> **Task description**: Begin at the top of the entries below and write out every line through the one containing "Automobilový menič/invertor Green", excluding pictures.

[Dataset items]
[Start of Attachment]
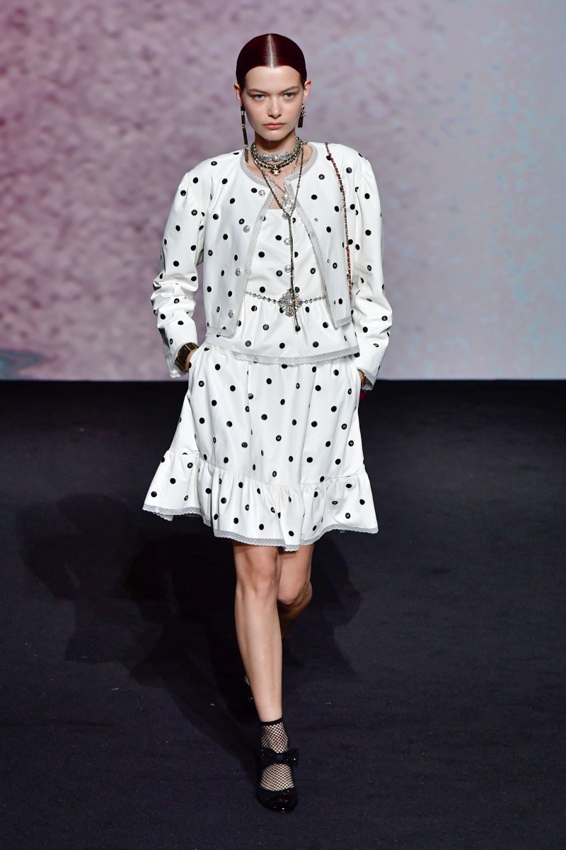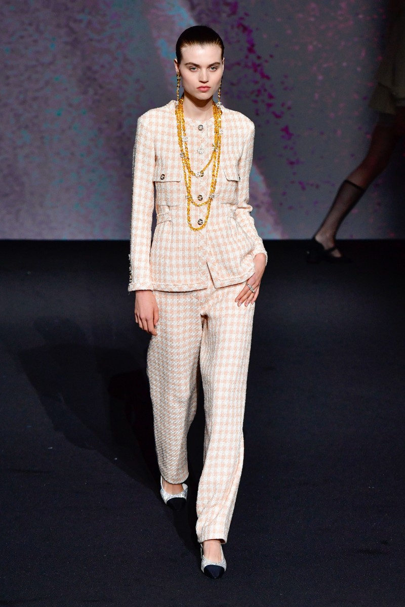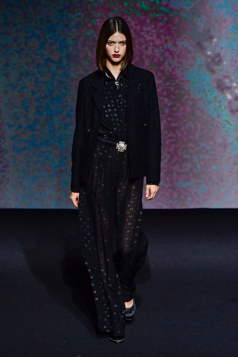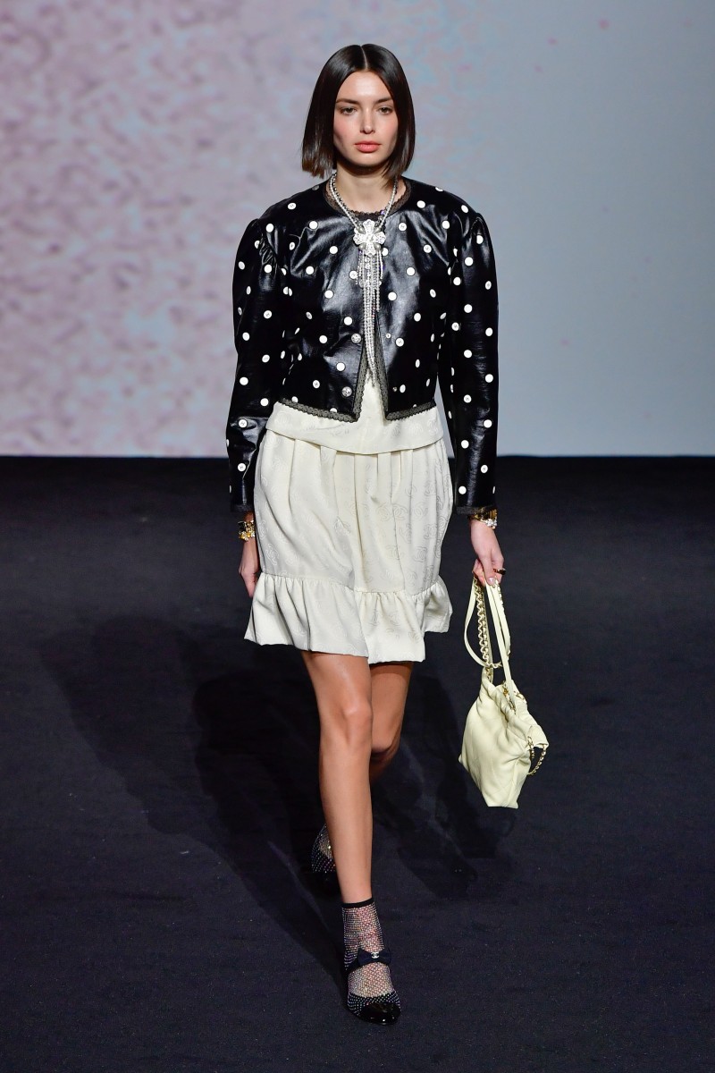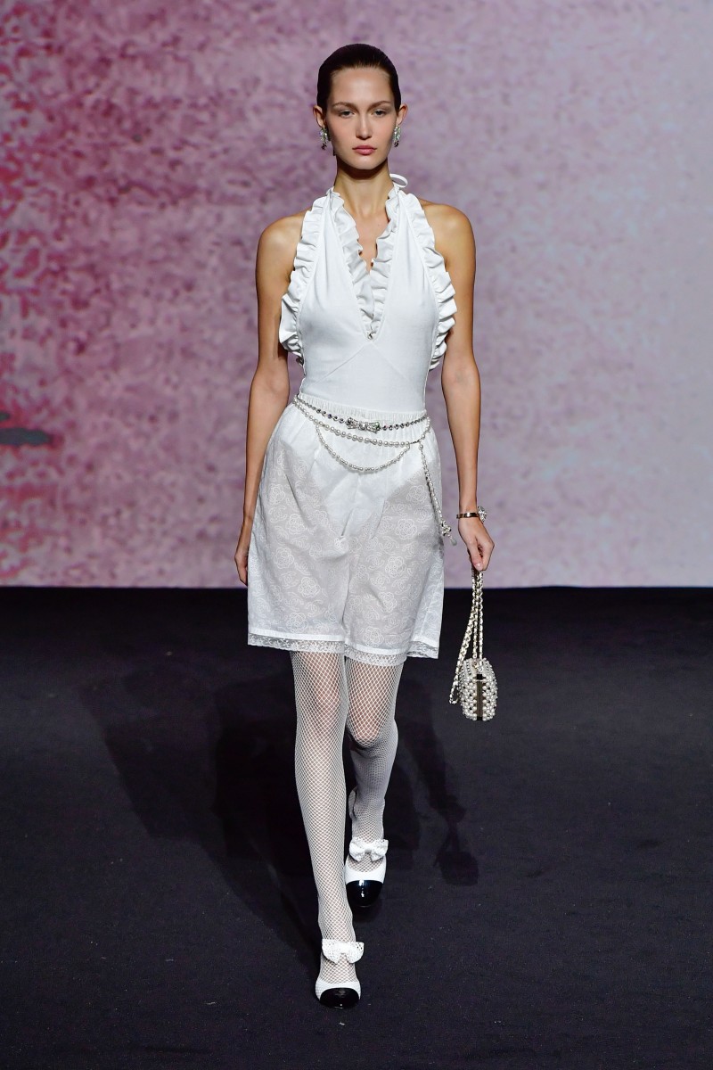 В Париже прошел показ Chanel сезона весна-лето 2023. И он запомнился сразу несколькими моментами. Первое — почти исключительная черно-белая цветовая гамма коллекции, лишь изредка разбавленная главными оттенками сезона — розовым и сиреневым. И это понятно: креативный директор модного дома Виржини Виар вдохновлялась черно-белым кино, а за основу взяла фильм «В прошлом году в Мариенбаде», снятый Аленом Рене в 1961 году.
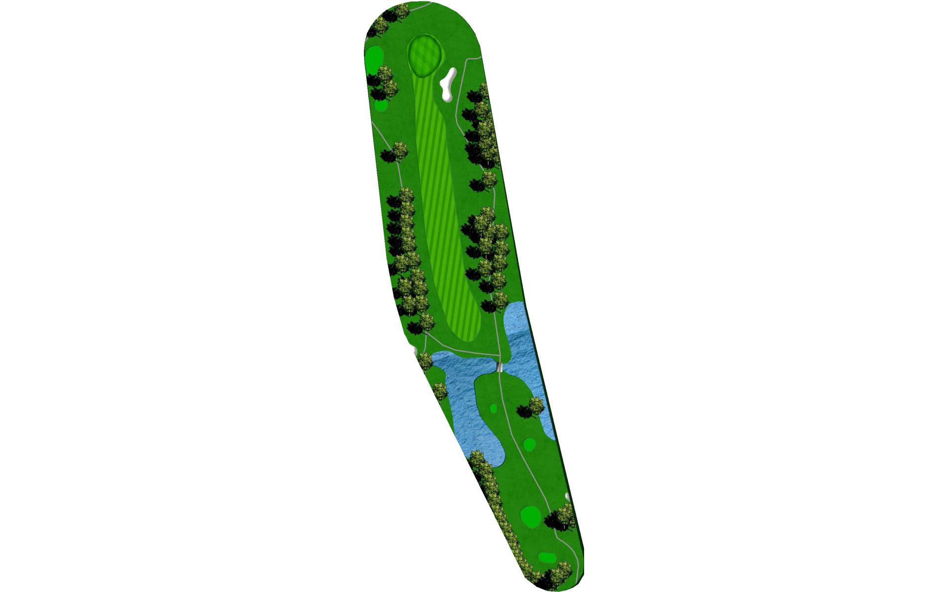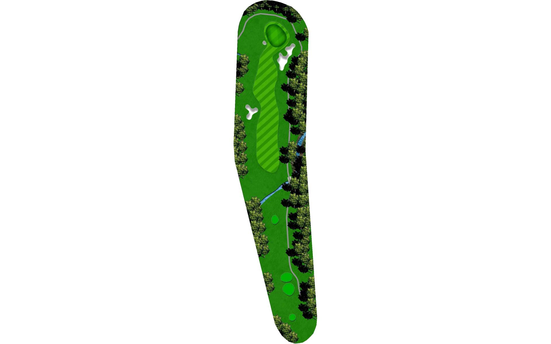 Difficult short hole that features a hazard down the left side and a challenging sloped back to front green. Stay below the hole.
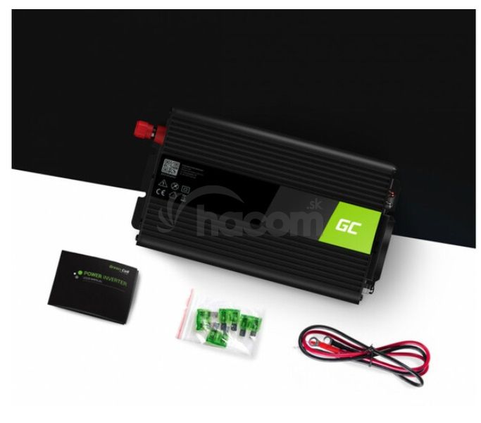 Automobilový menič/invertor Green Cell INV08 Voltage Car Inverter 12V to 220V, 1000W/2000W je zariadenie, ktoré mení jednosmerné napätie z automobilového akumulátora alebo automobilového zväzu na striedavý prúd ~ 230V. Presne rovnaký signál je v každej elektrickej zástrčke (typ F) v Európe.
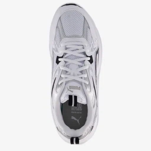Witte Puma Milenio Tech sneakers voor heren. Het buitenwerk is gemaakt van mesh en imitatieleer, het binnenwerk van textiel en de stevige zool met profiel is van rubber. Voorzien van een vetersluiting en aantreklusjes op de hak en tong. Het buitenwerk van de Puma Milenio Tech sneakers wordt versierd zwarte en zilverkleurige details. Binnenzool is niet uitneembaar.
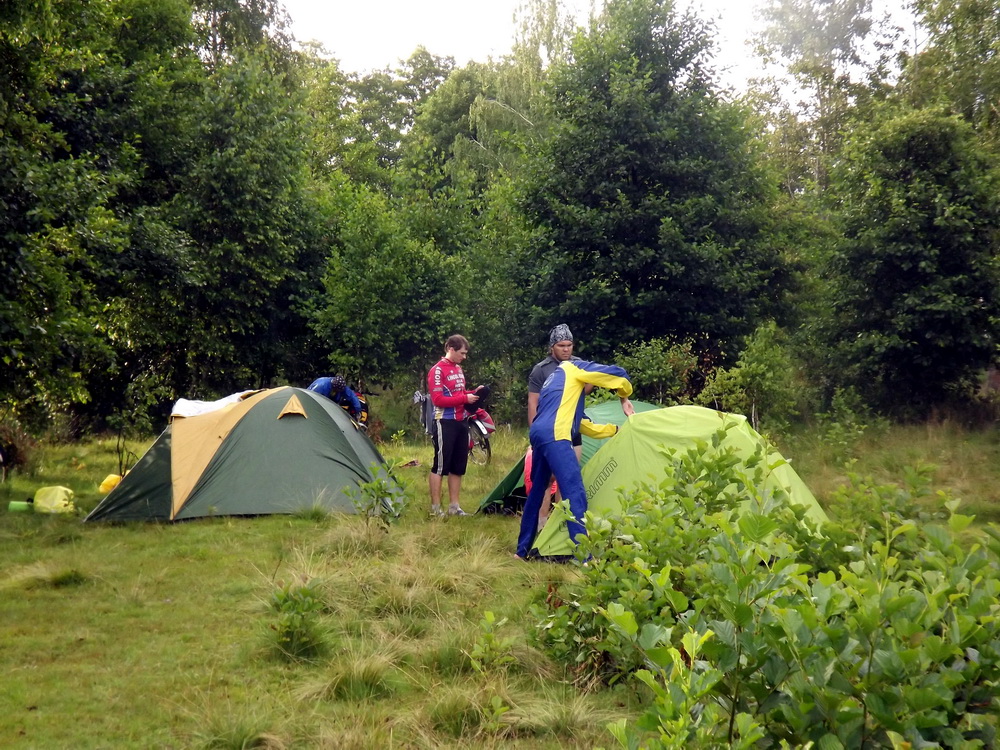 только поставили палатки и начал накрапывать небольшой дождик)
[End of Attachment]
> **Output of the exercise**:
 В Париже прошел показ Chanel сезона весна-лето 2023. И он запомнился сразу несколькими моментами. Первое — почти исключительная черно-белая цветовая гамма коллекции, лишь изредка разбавленная главными оттенками сезона — розовым и сиреневым. И это понятно: креативный директор модного дома Виржини Виар вдохновлялась черно-белым кино, а за основу взяла фильм «В прошлом году в Мариенбаде», снятый Аленом Рене в 1961 году.
 Difficult short hole that features a hazard down the left side and a challenging sloped back to front green. Stay below the hole.
 Automobilový menič/invertor Green Cell INV08 Voltage Car Inverter 12V to 220V, 1000W/2000W je zariadenie, ktoré mení jednosmerné napätie z automobilového akumulátora alebo automobilového zväzu na striedavý prúd ~ 230V. Presne rovnaký signál je v každej elektrickej zástrčke (typ F) v Európe.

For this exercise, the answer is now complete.